Data extracted from a collection
== Segment start ==

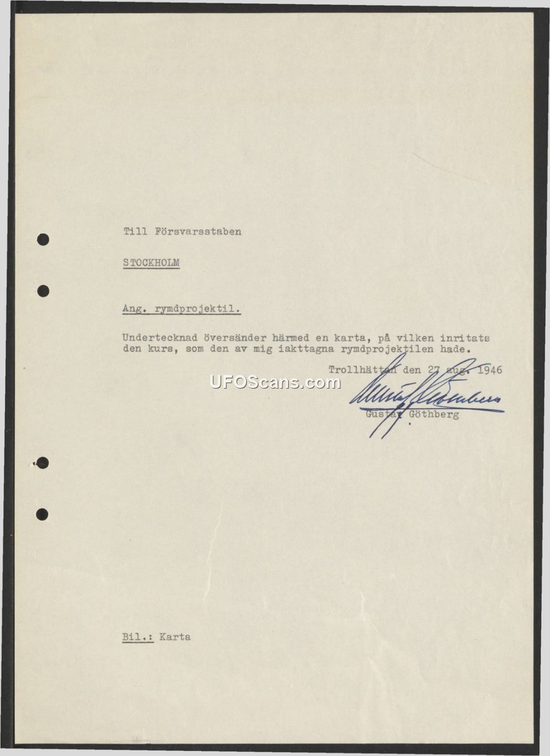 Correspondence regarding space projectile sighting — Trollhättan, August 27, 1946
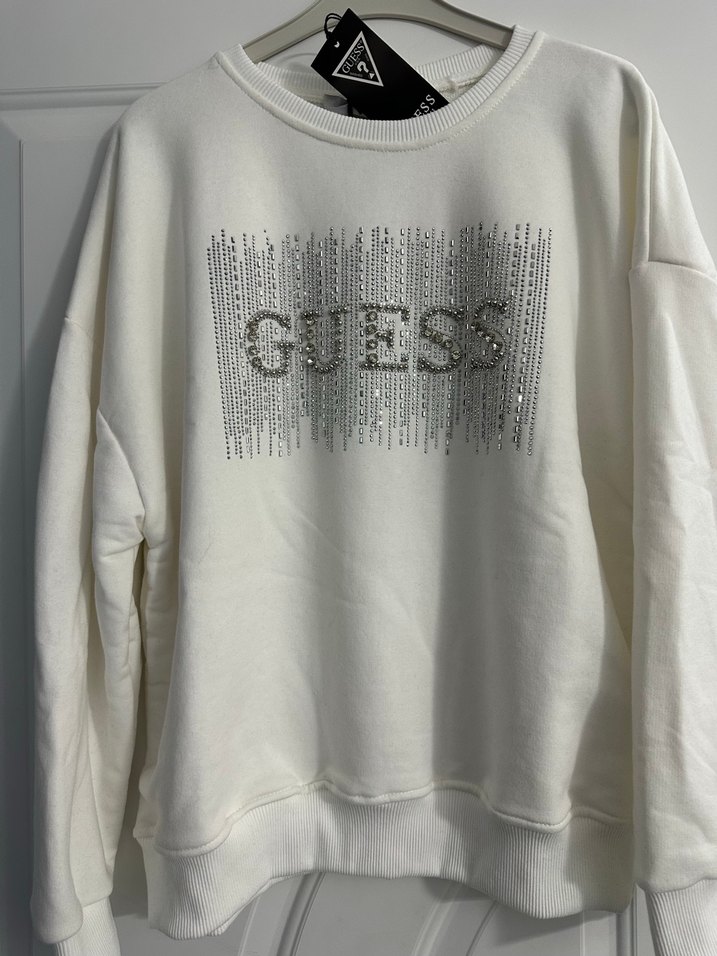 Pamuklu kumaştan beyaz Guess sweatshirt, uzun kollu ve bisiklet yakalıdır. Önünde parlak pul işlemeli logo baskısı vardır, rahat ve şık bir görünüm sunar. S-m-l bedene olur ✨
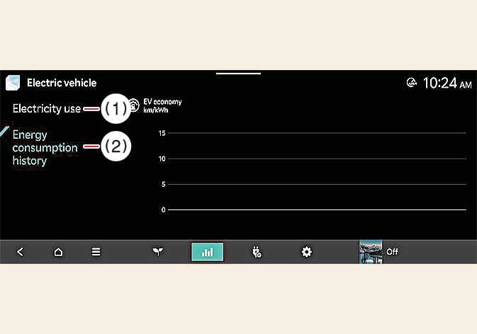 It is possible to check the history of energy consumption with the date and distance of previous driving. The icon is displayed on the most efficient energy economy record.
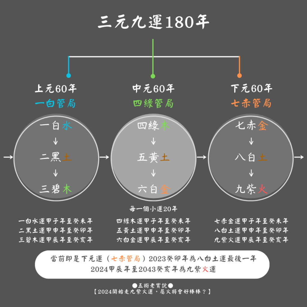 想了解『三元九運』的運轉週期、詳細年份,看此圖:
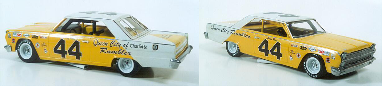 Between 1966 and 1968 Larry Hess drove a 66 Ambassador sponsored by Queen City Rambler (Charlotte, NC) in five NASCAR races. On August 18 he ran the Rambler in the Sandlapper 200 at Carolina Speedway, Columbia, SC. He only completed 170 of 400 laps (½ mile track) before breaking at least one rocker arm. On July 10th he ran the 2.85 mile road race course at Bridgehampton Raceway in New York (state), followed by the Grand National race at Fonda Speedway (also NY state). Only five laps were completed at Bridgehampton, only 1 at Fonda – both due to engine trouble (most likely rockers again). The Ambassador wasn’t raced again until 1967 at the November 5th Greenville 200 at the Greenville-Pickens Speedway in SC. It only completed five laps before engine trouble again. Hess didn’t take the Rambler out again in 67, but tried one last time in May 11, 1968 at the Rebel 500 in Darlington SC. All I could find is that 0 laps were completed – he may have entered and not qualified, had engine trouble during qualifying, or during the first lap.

== Segment end ==

◆ **Task**
Copy the final stretch of the entries exactly: the line containing "It is possible" and every line after it through the last. Include no pictures and nothing more.

◆ **Response**
 It is possible to check the history of energy consumption with the date and distance of previous driving. The icon is displayed on the most efficient energy economy record.
 想了解『三元九運』的運轉週期、詳細年份,看此圖:
 Between 1966 and 1968 Larry Hess drove a 66 Ambassador sponsored by Queen City Rambler (Charlotte, NC) in five NASCAR races. On August 18 he ran the Rambler in the Sandlapper 200 at Carolina Speedway, Columbia, SC. He only completed 170 of 400 laps (½ mile track) before breaking at least one rocker arm. On July 10th he ran the 2.85 mile road race course at Bridgehampton Raceway in New York (state), followed by the Grand National race at Fonda Speedway (also NY state). Only five laps were completed at Bridgehampton, only 1 at Fonda – both due to engine trouble (most likely rockers again). The Ambassador wasn’t raced again until 1967 at the November 5th Greenville 200 at the Greenville-Pickens Speedway in SC. It only completed five laps before engine trouble again. Hess didn’t take the Rambler out again in 67, but tried one last time in May 11, 1968 at the Rebel 500 in Darlington SC. All I could find is that 0 laps were completed – he may have entered and not qualified, had engine trouble during qualifying, or during the first lap.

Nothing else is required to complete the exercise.